Fix PaddleDetection InvalidArgumentError On Mcfairmot Export
Hey guys! Ever run into a tricky error when trying to deploy your PaddleDetection models? Today, we're diving deep into a common issue faced when exporting the mcfairmot model to a static graph and using it with pipeline.py
and test_det.py
. Let's break it down and find some solutions!
The Problem: InvalidArgumentError with mcfairmot Model
So, the user was trying to use the mcfairmot_dla34_30e_1088x608_visdrone.pdparams
model because it’s great at identifying both vehicles and non-vehicles. They exported the model using:
python tools/export_model.py -c configs/mot/mcfairmot/mcfairmot_dla34_30e_1088x608_visdrone.yml -o weights=deploy/model/mcfairmot_dla34_30e_1088x608_visdrone.pdparams
Then, when running pipeline.py
with the exported model:
python deploy/pipeline/pipeline.py --config deploy/pipeline/config/infer_cfg_ppvehicle.yml --video_file=demo/road_1.mp4 --run_mode trt_int8 --device=gpu --do_break_in_counting
They encountered this error:
Traceback (most recent call last):
File "C:\Users\Administrator\anaconda3\envs\paddle\lib\threading.py", line 953, in run
self._target(*self._args, **self._kwargs)
File "E:/project/PaddleDetection-release-2.8.1/deploy/pipeline/pipeline.py", line 633, in run
self.predict_video(thread_idx=thread_idx)
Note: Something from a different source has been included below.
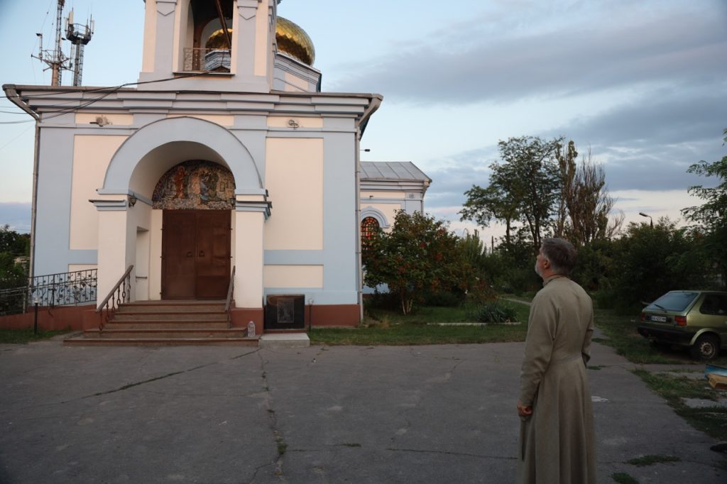Я якийсь час вдома сидів, чекав, що буде. Правда, в той же час, в перший день війни настоятель місцевого храму Олешківського, теж з ПЦУ, подзвонив і каже, що вони вже в Умані. Мама якраз ходила в той храм. Каже: “Ви мене не підміните, ви ж там живете?” Якось, чесно кажучи, мені дивно було. Думав, Господи, ще війна тільки почалася, тільки по радіо почули, а він вже десь там далеко в Умані. Потім думаю, а як парафіяни? І взагалі як це має бути? І ніби моє рідне місто, я народився в Олешках взагалі. І ніби архієрей. І залишити отак. Ну ясно, що я погодився. У принципі всі 508 днів, по суті, я там регулярно служив.

File "E:/project/PaddleDetection-release-2.8.1/deploy/pipeline/pipeline.py", line 970, in predict_video
res = self.mot_predictor.predict_image(
File "E:\project\PaddleDetection-release-2.8.1\deploy\pptracking\python\mot_sde_infer.py", line 540, in predict_image
result = self.predict()
File "E:\project\PaddleDetection-release-2.8.1\deploy\pptracking\python\det_infer.py", line 169, in predict
self.predictor.run()
ValueError: In user code:
InvalidArgumentError: The dims of input in ArrayToTensor must be equal, but received
[Hint: Expected (vec_dims.back() == dims) == true, but received (vec_dims.back() == dims):0 != true:1.] (at C:\home\workspace\Paddle\paddle\phi\infermeta\unary.cc:213)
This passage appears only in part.